Mark Kirkwood <mark(dot)kirkwood(at)catalyst(dot)net(dot)nz> writes:
> A construction of the form

> DECLARE cur CURSOR WITH HOLD FOR SELECT * FROM obj

> loop
> FETCH 1000 FROM cur
> process 'em
> COMMIT

> results in some of the same rows being emitted more than once, altho the
> final rowcount is correct (i.e some rows end up being never seen).

I poked into this a bit, and it looks sort of nasty. Mark's immediate
complaint is a consequence of the synchronize_seqscan patch, but there
are other issues too. The problem comes from the fact that a WITH HOLD
cursor is initially treated the same as a regular cursor, ie, we just
fetch on demand. If it's still open at transaction commit, we do this:

ExecutorRewind();
fetch all the rows into a tuplestore;
advance the tuplestore past the number of rows previously fetched;

and then later transactions can fetch-on-demand from the tuplestore.

The reason for the bug is that with synchronize_seqscan on, a SeqScan
node that gets rewound does not necessarily restart from the same point
in the table that it initially started reading from. So the initial
fetch grabs 1000 rows, but then when we rewind, the first 1000 rows
loaded into the tuplestore may come from a different range of the table.

This does not only affect cursors WITH HOLD. Some paths in the
cursor MOVE logic also rely on ExecutorRewind to behave sanely.

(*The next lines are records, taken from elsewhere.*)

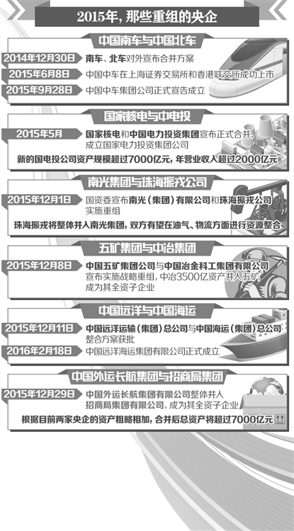 2015年,央業(yè)重組邁出重要步伐。有6對12家企業(yè)完成了重組,涉及至少27家上市公司,一批包括裝備制造、能源、航運在內(nèi)的央企實現(xiàn)兼并重組,中央企業(yè)也由112家減至106家。2016年以來,繼1月25日中材集團與中建集團發(fā)布公告稱實施戰(zhàn)略重組之后,中國國旅集團與中國港中旅集團也發(fā)布公告稱籌劃戰(zhàn)略重組。此外,中航動力、成發(fā)科技、中航動控三家公司則于日前發(fā)布重組公告。離國務院國資委直接監(jiān)管的中央企業(yè)數(shù)量減至100家僅有“一步之遙”。
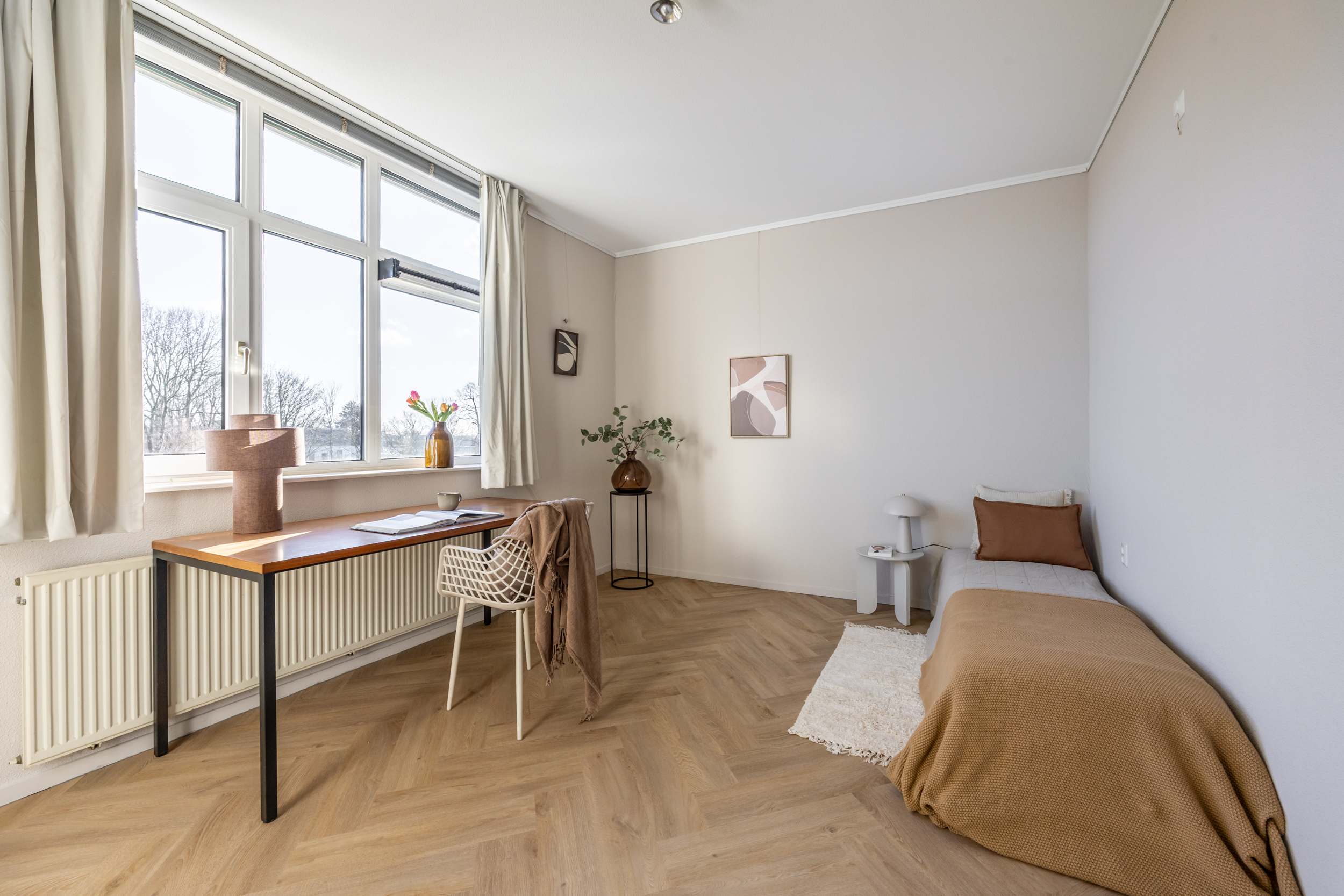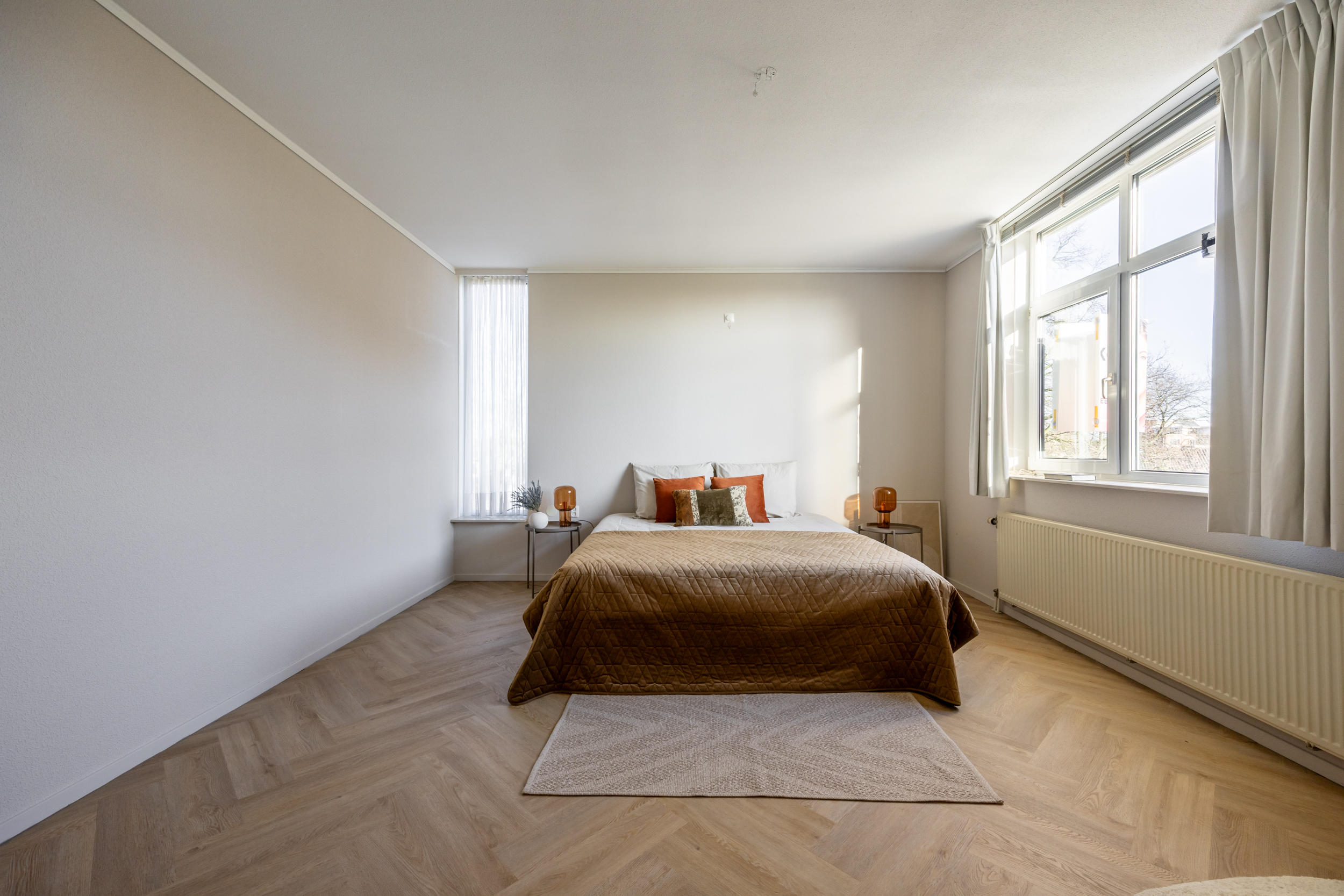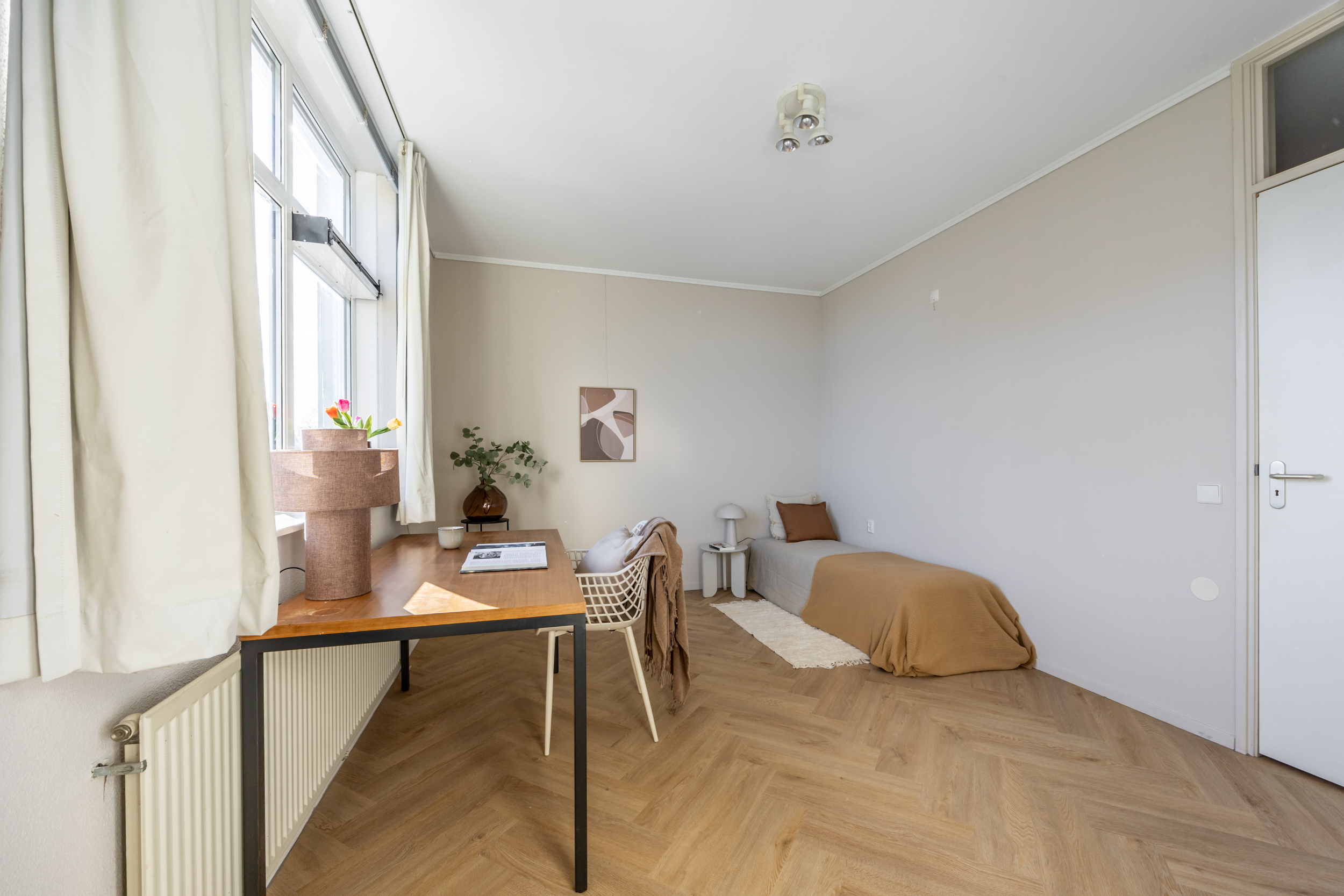 Een doorloop met brede vaste kastenwand en aansluitend de riante 'master' slaapkamer (ca. 27 m2). Vanuit deze slaapkamer een aantrekkelijk weids zicht op het Van Nispenpark.
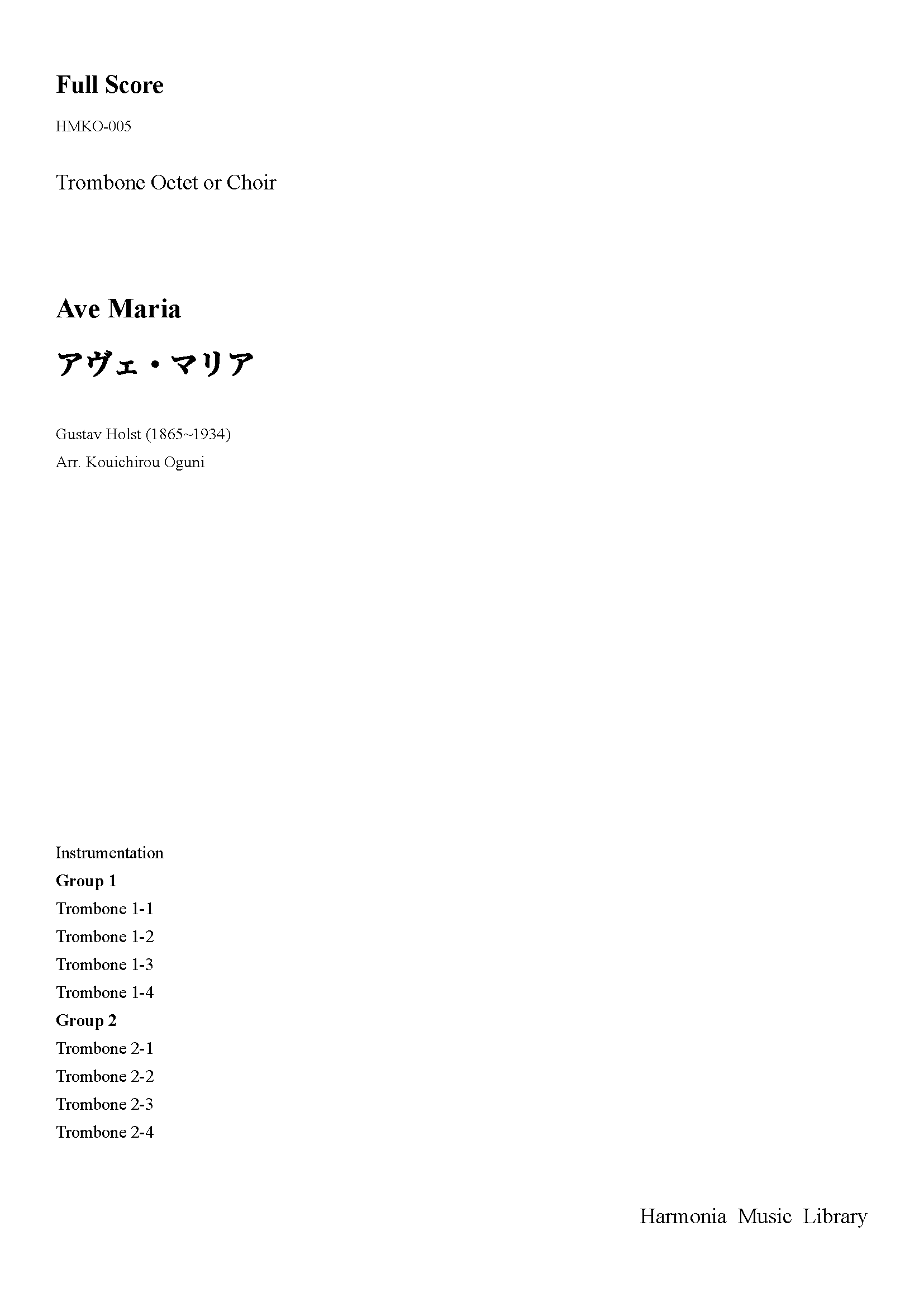 アヴェ・マリア(トロンボーン8重奏またはクワイヤー) PDF Download版 (グスターヴ・ホルスト/小國晃一郎)
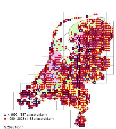 Het aantal atlasblokken (5x5 km) waarin de soort is gemeld binnen een periode van vijf jaar (vanaf 1980) of twintig jaar. Niet gecorrigeerd voor waarnemersinspanning en het aantal doorgegeven waarnemingen kan sterk variëren per periode, dus een trend in verspreiding kan hier niet direct uit worden afgelezen. Het opgegeven jaartal is het eerste jaar van de periode. Bron: gevalideerde waarnemingen uit de NDFF.
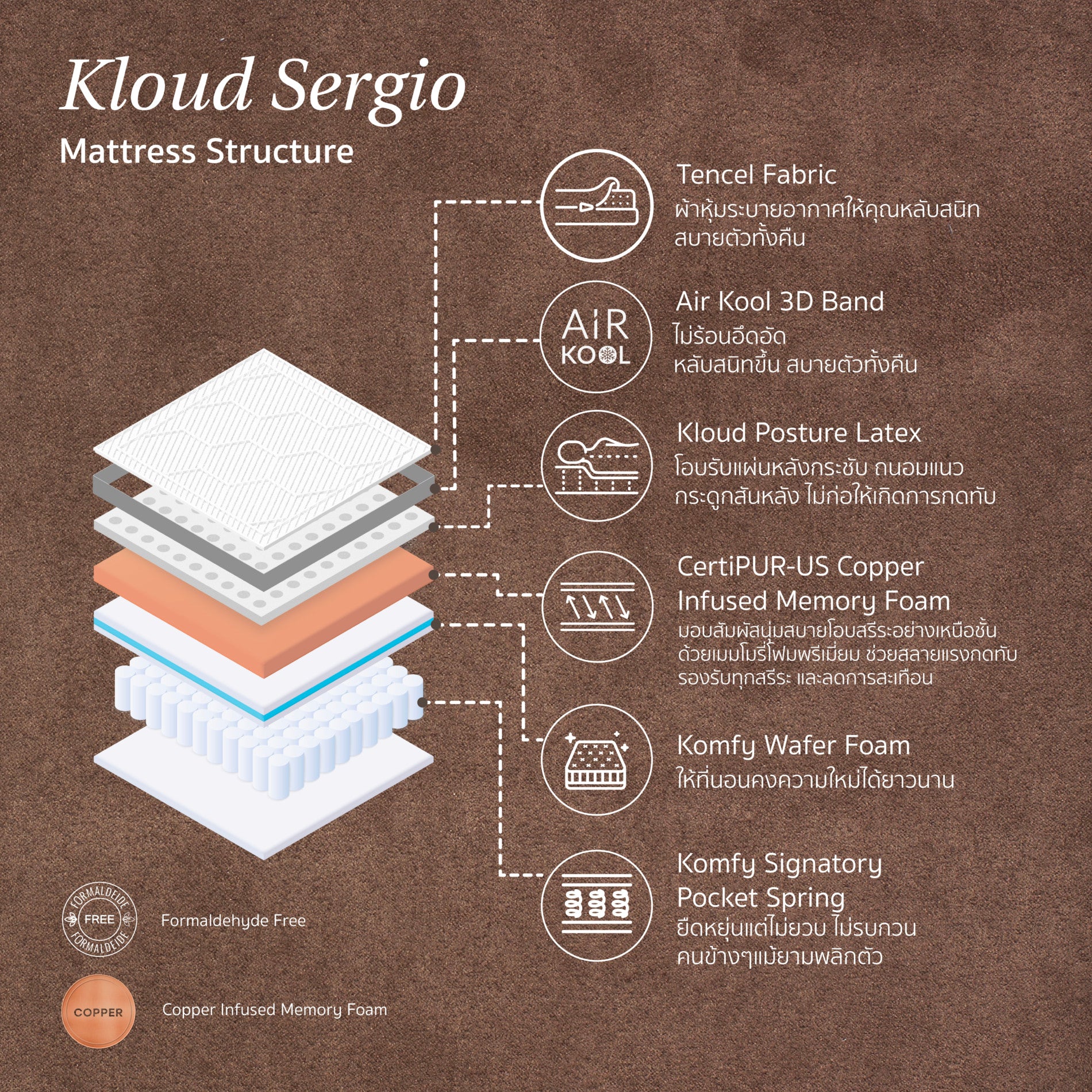 6th Layer : Signatory Pocket Spring – An advanced independent pocket spring system that precisely distributes weight and minimizes motion transfer, allowing you and your partner to sleep without disturbances.
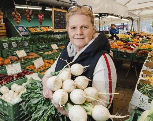 Petra Hahn mit ihren Mairübchen. Seit 39 Jahren leitet sie ein Standl auf dem Viktualienmarkt. © Jens Hartmann
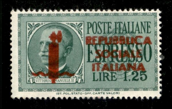 1944 - 1,25 lire Espressi (21Dc) con doppia soprastampa rosso bruno - gomma integra con lieve spellamento in angolo basso a destra
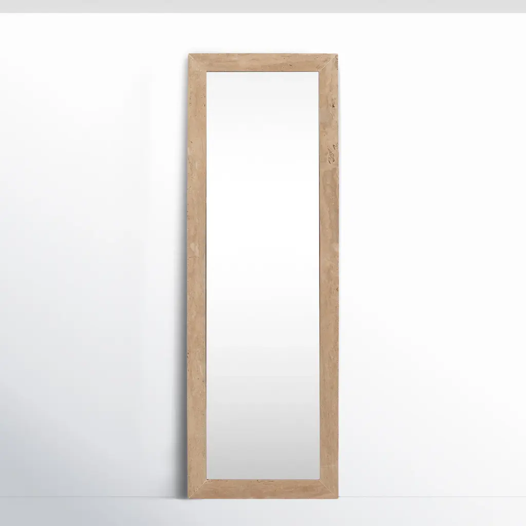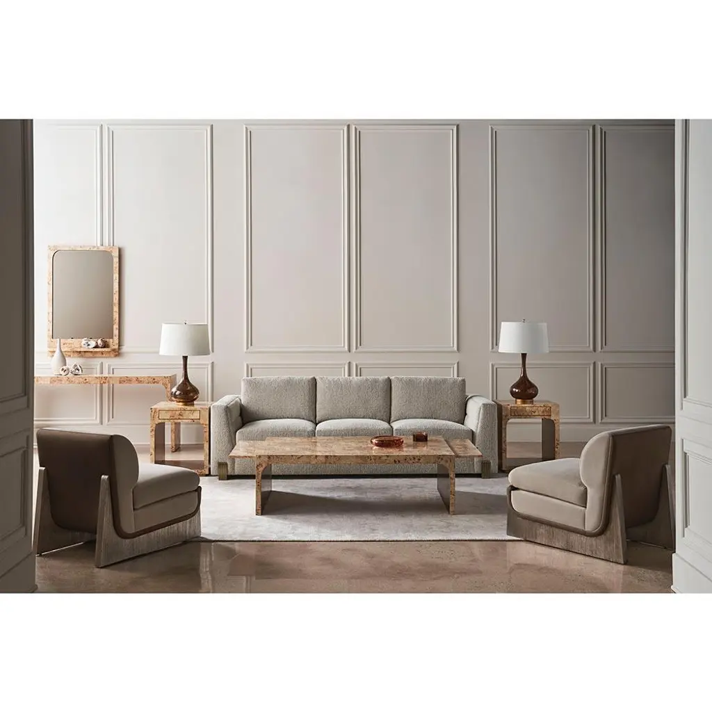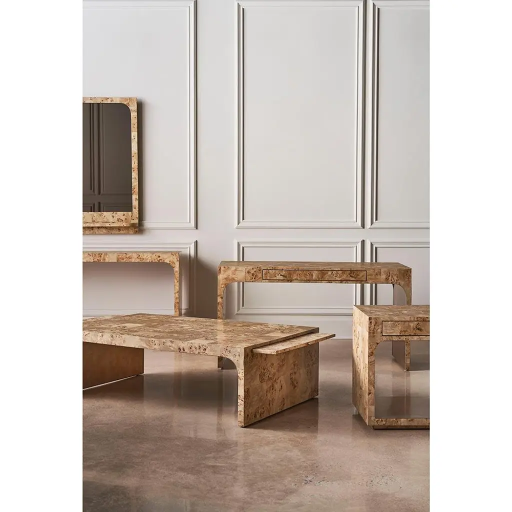 Fiorenne Modern Classic Brown Burl Wood Frame Wall Mirror
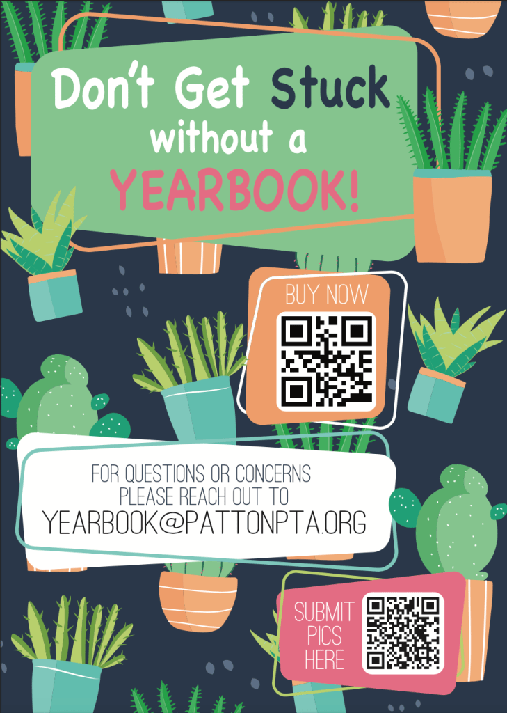 Avoid the end-of-year scramble: get your yearbook now before the price goes up in the spring! Visit HERE to order now! (You can also search for Patton Elementary on jostens.com).
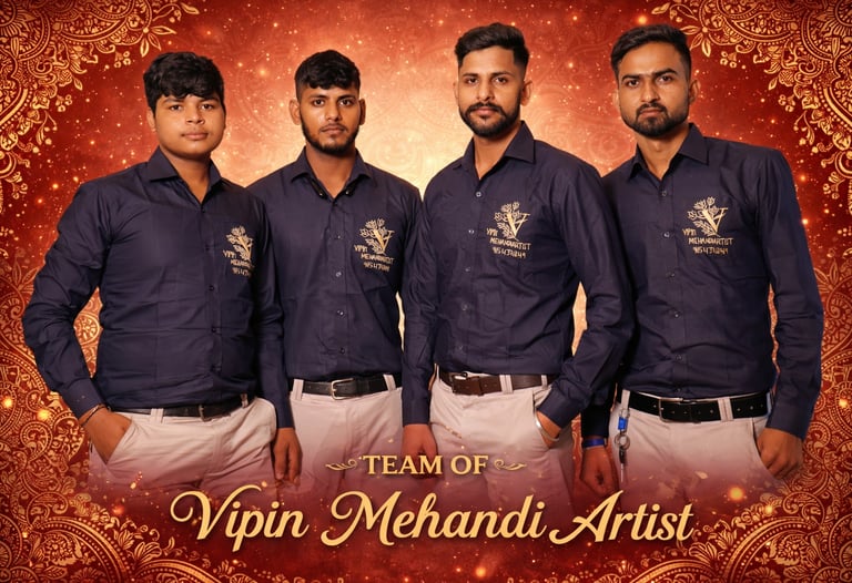 The Team of Vipin Mehandi Artist is a group of highly skilled and dedicated professionals who bring creativity, precision, and passion to every design. Trained under expert guidance and backed by years of hands-on experience, the team specializes in bridal, Arabic, and modern mehndi styles that perfectly match today’s trends. Known for their friendly approach and timely service, they ensure every client feels comfortable and satisfied on their special occasion. With a strong commitment to quality and attention to detail, the team works seamlessly to deliver flawless mehndi designs that enhance the beauty of every celebration.

We could probably fix this specific issue by refactoring things in such
a way that the seqscan start point is frozen on the first read and
re-used after rewinds.

However, it strikes me also that a cursor query containing volatile
functions is going to cause some similar issues --- you can't just
re-execute the query for "the same" rows and expect to get stable
results. What should we do about that?

The technically best solution is probably similar to what Materialize
nodes do, ie, read the query only once and be careful to stash rows
aside into a tuplestore as they are read. This would fix both issues
with one patch. The problem with that is that if the user doesn't
actually do any backwards fetching, you waste all the tuplestore
maintenance work.

Or we could just document that cursors containing volatile functions
don't behave stably if you try to read backwards; or try to enforce that
you can't do so.

The volatile-function issue has been there since the dawn of time, and
we've never had a complaint about it AFAIR. So maybe trying to "fix"
it isn't a good thing and we should just document the behavior. But
the syncscan instability is new and probably ought to be dealt with.

Thoughts?

regards, tom lane


From: Robert Haas <robertmhaas(at)gmail(dot)com>
To: Tom Lane <tgl(at)sss(dot)pgh(dot)pa(dot)us>
Cc: Mark Kirkwood <mark(dot)kirkwood(at)catalyst(dot)net(dot)nz>, pgsql-bugs(at)postgresql(dot)org, pgsql-hackers(at)postgresql(dot)org
Subject: Re: [HACKERS] Cursor with hold emits the same row more than once across commits in 8.3.7
Date: 2009-06-09 17:37:07
Message-ID: 603c8f070906091037l3a748fc8m11ca40cb4b7fe8f7@mail.gmail.com
Views: Raw Message | Whole Thread | Download mbox | Resend email
Lists: pgsql-bugs pgsql-hackers

On Tue, Jun 9, 2009 at 12:07 PM, Tom Lane<tgl(at)sss(dot)pgh(dot)pa(dot)us> wrote:
> The technically best solution is probably similar to what Materialize
> nodes do, ie, read the query only once and be careful to stash rows
> aside into a tuplestore as they are read.  This would fix both issues
> with one patch.  The problem with that is that if the user doesn't
> actually do any backwards fetching, you waste all the tuplestore
> maintenance work.

This seems like the only option that will produce correct answers, so
it gets my vote. How much is the performance penalty for
materializing the tuplestore? I'm inclined to think that whatever it
is, you just have to pay it if you ask for a WITH HOLD cursor.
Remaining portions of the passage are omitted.